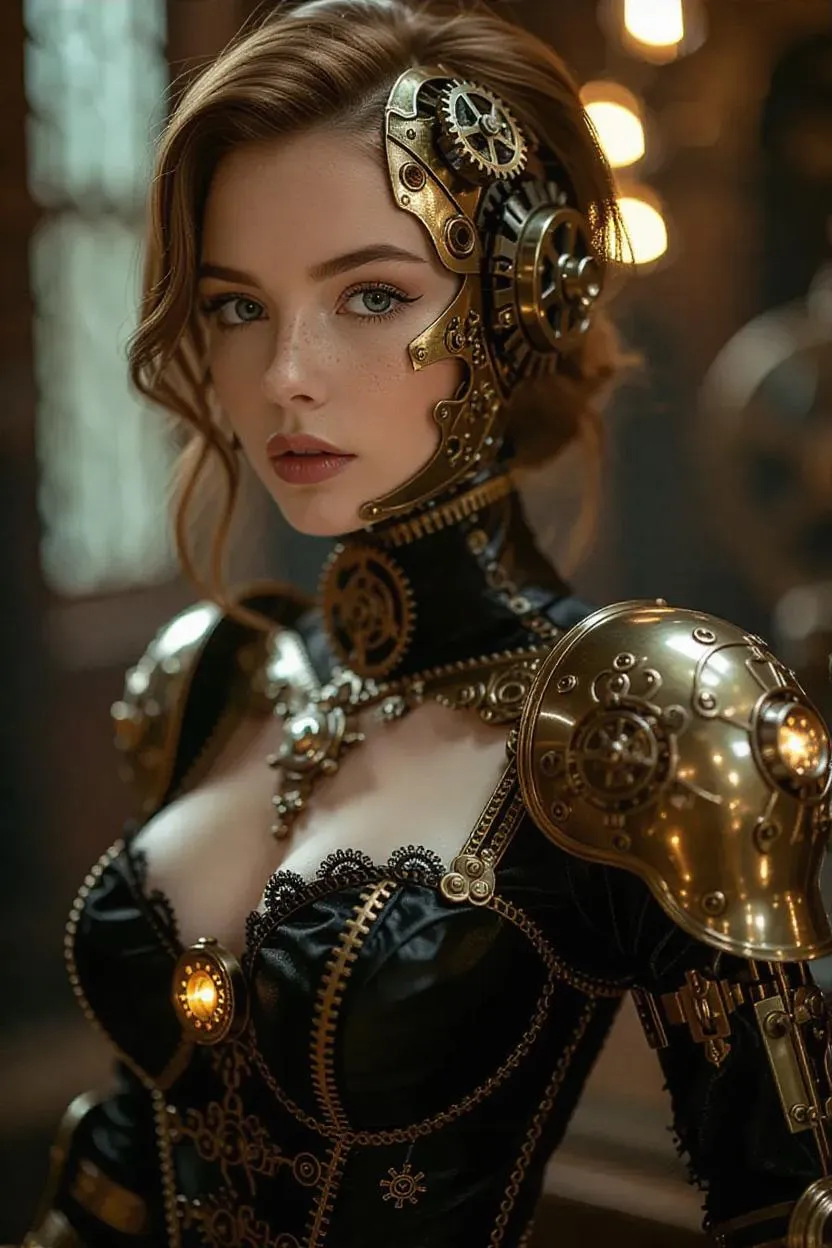 Steampunk woman-robot, reminiscent of Oriana from League of Legends, intricate brass gears and cogs, elegant Victorian aesthetics, glowing mechanical eyes, poised in a futuristic yet nostalgic setting, with steam and clockwork elements.
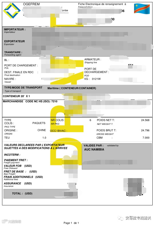 刚果金需办理FERI证书,刚果布则需申请ECTN(电子舱单跟踪号)[k]。
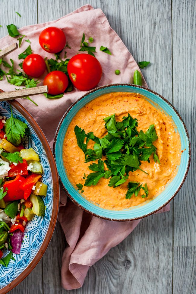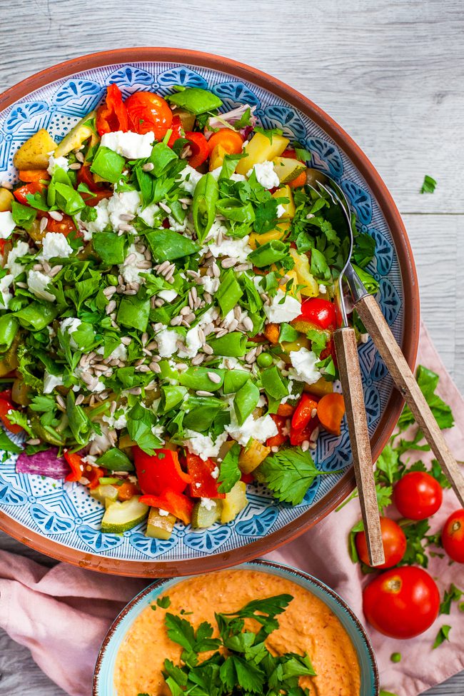 Skördesallad på ugnsrostade grönsaker och ajvardipp:
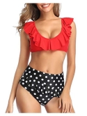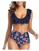 Sexy bikini set features removable padded, ruffled front, bright solid color, deep v-neck,and clasp hook closure on the back .High waisted tummy control bottom make you elegant, charming and sweet.
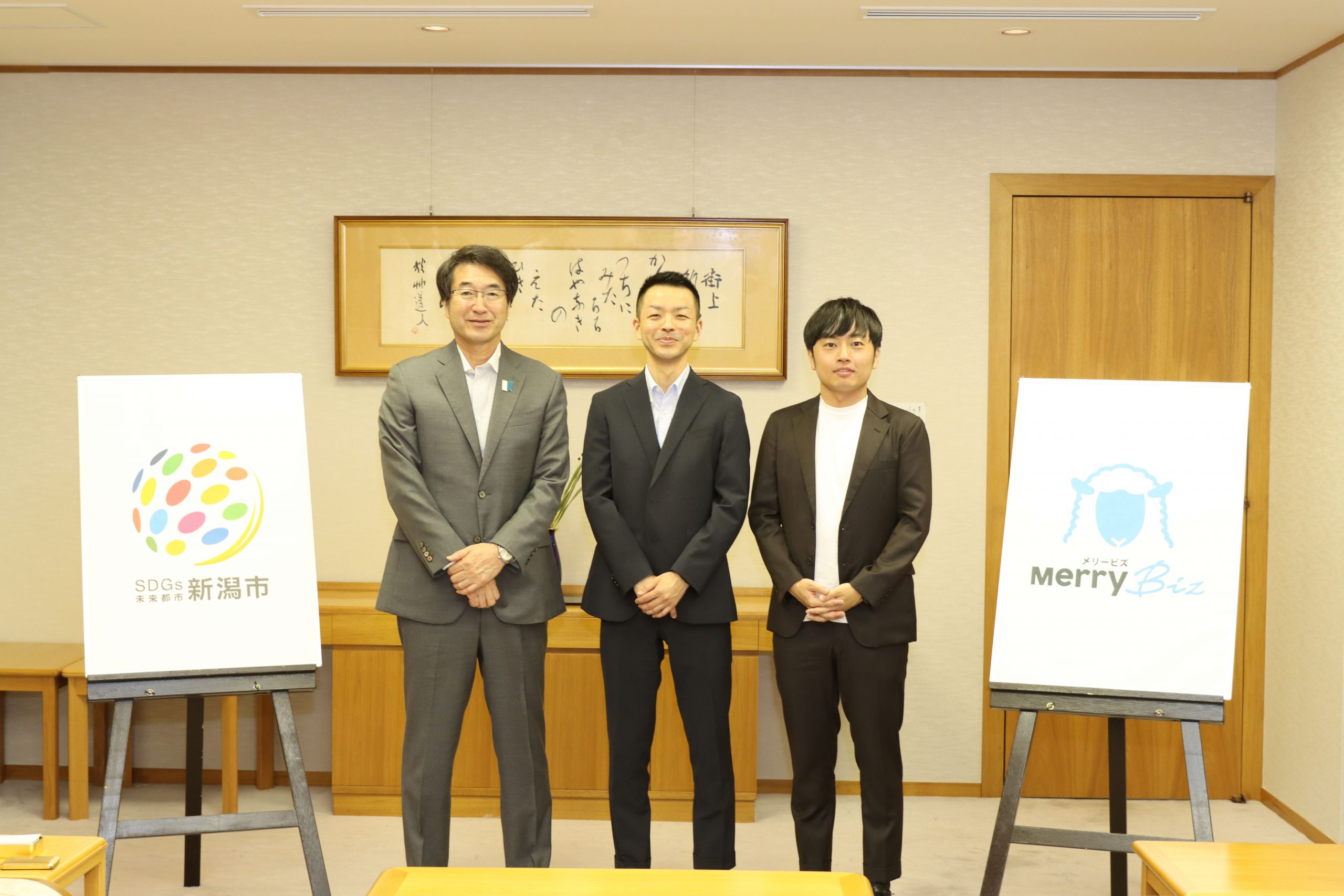 写真左:中原八一 新潟市長 中央:メリービズ株式会社 菊地真吾 右:メリービズ株式会社 山室佑太郎
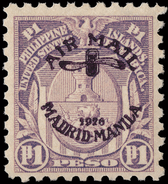7814 og C17 imageAirmail, 1926, 1p Madrid-Manila Flight (Scott C17), o.g., lightly hinged, bright and fresh, Fine to Very Fine.
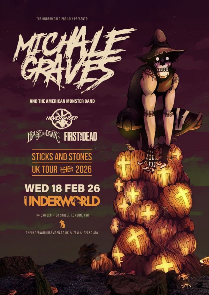 Horror punk icon MICHALE GRAVES AND THE AMERICAN MONSTER BAND - STICKS AND STONES UK TOUR 2026 with very special guests NEVERUNDER plus HOUSE OF DAWN and FIRST TIME DEADTickets https://tinyurl.com/UWgraves From £27.50 adv// 19:00
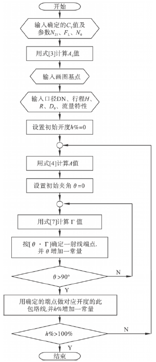 在柱塞式調節閥設計中,閥瓣的型面設計與繪制直接影響調節閥的調節特性。首先以客戶提供的管道需求流量、閥前后壓降、介質工況、管道情況等已知條件選擇調節閥的類型,再依據相應的標準(如GB/T17213.2-2005)計算與確定選用閥門的流量系數CV。再以GB/T17213.2附錄A的提示,可確定出單流路的縮流斷面的總面積和各行程的環形流路的內徑,但繪制閥瓣型面的計算量很大,手工完成繪制比較費工費時。本文提出根據調節閥的調節特性和流體力學原理建立數學模型,并運用計算機完成閥瓣型面繪制的一種方法,以減少調節特性的偏差和縮短設計與制造周期。
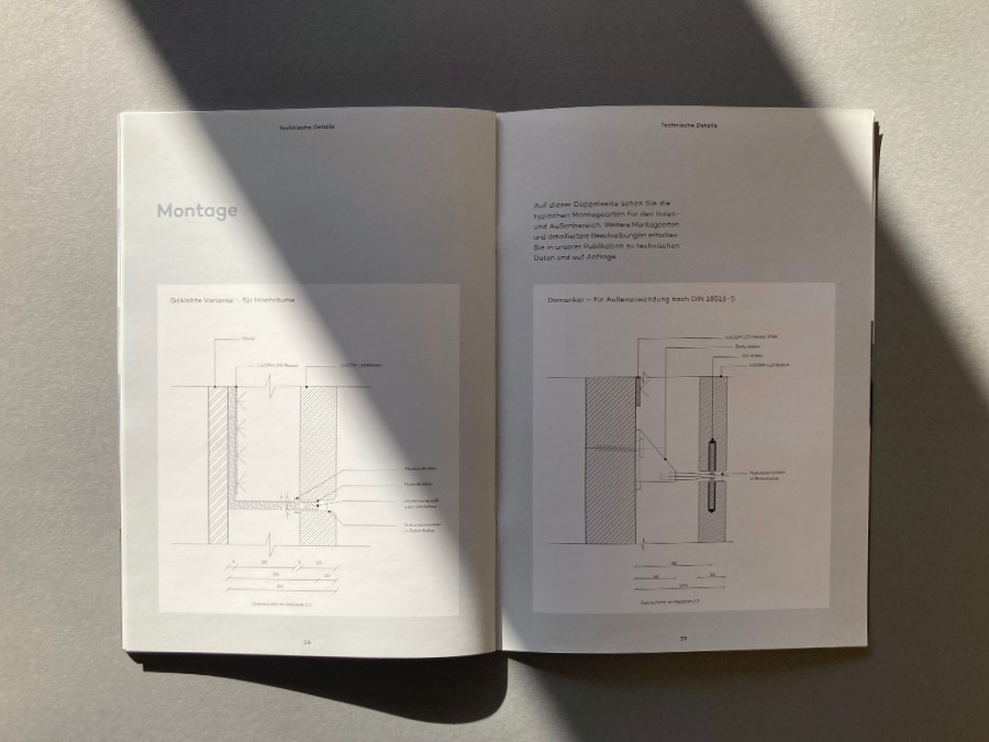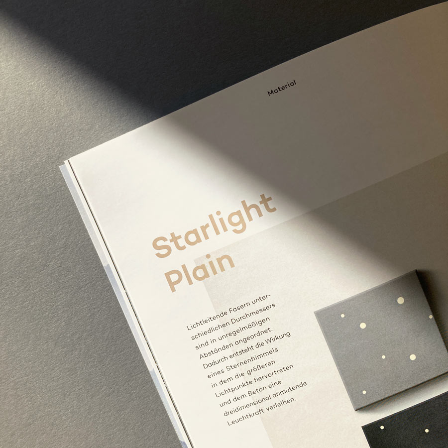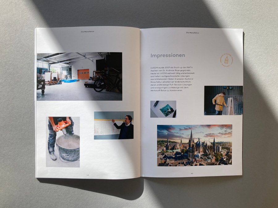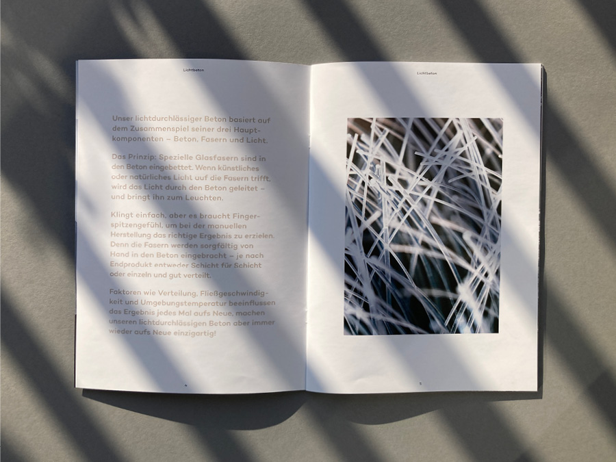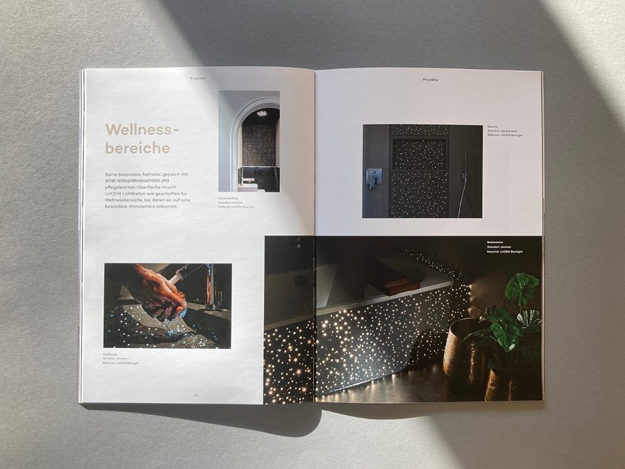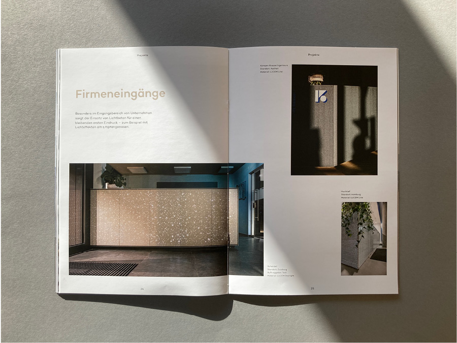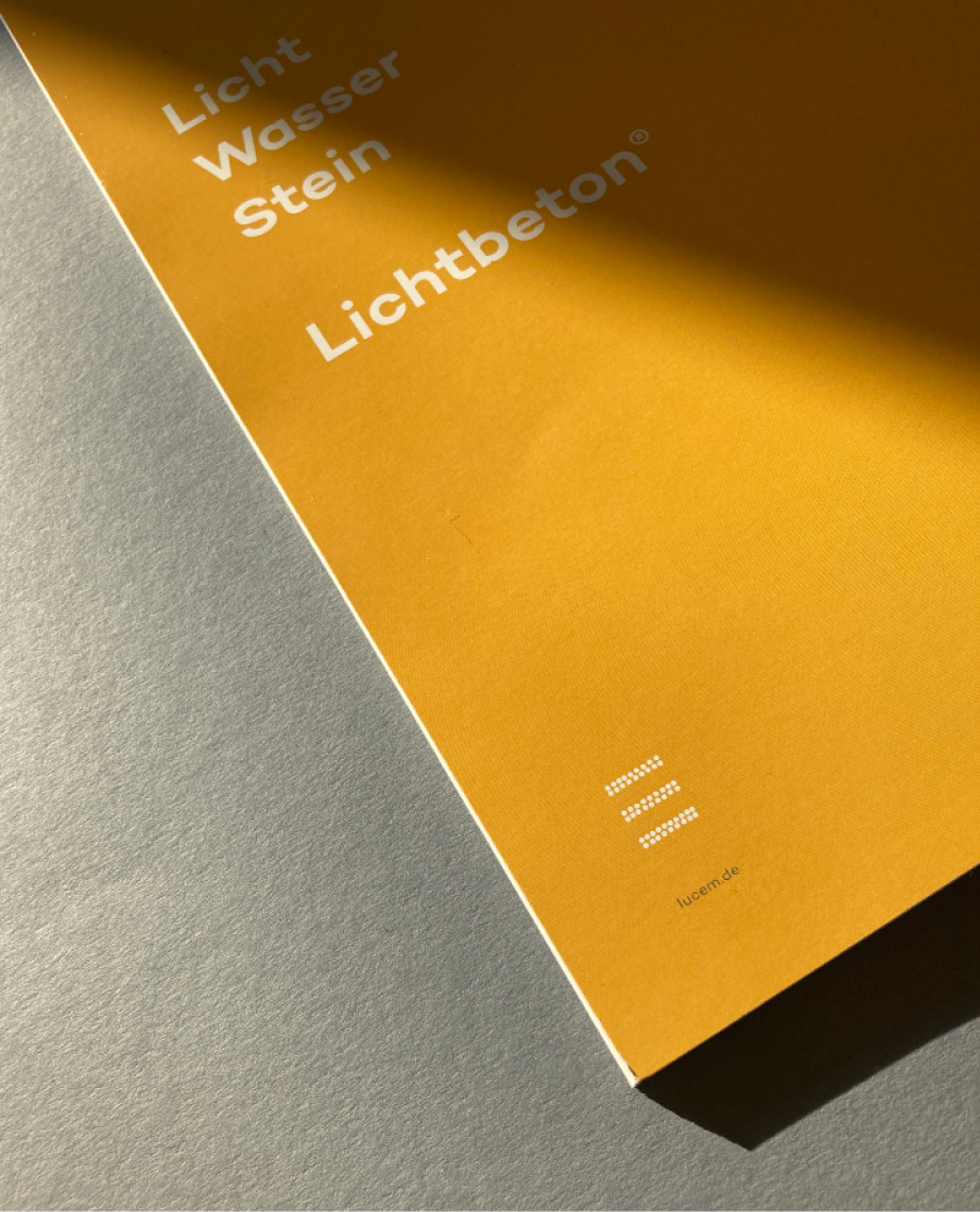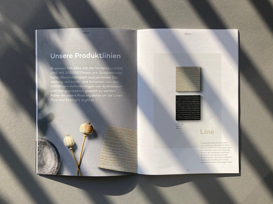 Für LUCEM – ein Unternehmen, das lichtleitenden Beton entwickelt – habe ich eine Broschüre gestaltet, die als Kombination aus Produktkatalog und Imagepublikation funktioniert.

::::

**Exercise objective:**
In the data above, find the line containing "Horror punk icon"; from there, please write out each line through the end, exactly, with the pictures omitted.

**Exercise solution:**
 Horror punk icon MICHALE GRAVES AND THE AMERICAN MONSTER BAND - STICKS AND STONES UK TOUR 2026 with very special guests NEVERUNDER plus HOUSE OF DAWN and FIRST TIME DEADTickets https://tinyurl.com/UWgraves From £27.50 adv// 19:00
 在柱塞式調節閥設計中,閥瓣的型面設計與繪制直接影響調節閥的調節特性。首先以客戶提供的管道需求流量、閥前后壓降、介質工況、管道情況等已知條件選擇調節閥的類型,再依據相應的標準(如GB/T17213.2-2005)計算與確定選用閥門的流量系數CV。再以GB/T17213.2附錄A的提示,可確定出單流路的縮流斷面的總面積和各行程的環形流路的內徑,但繪制閥瓣型面的計算量很大,手工完成繪制比較費工費時。本文提出根據調節閥的調節特性和流體力學原理建立數學模型,并運用計算機完成閥瓣型面繪制的一種方法,以減少調節特性的偏差和縮短設計與制造周期。
 Für LUCEM – ein Unternehmen, das lichtleitenden Beton entwickelt – habe ich eine Broschüre gestaltet, die als Kombination aus Produktkatalog und Imagepublikation funktioniert.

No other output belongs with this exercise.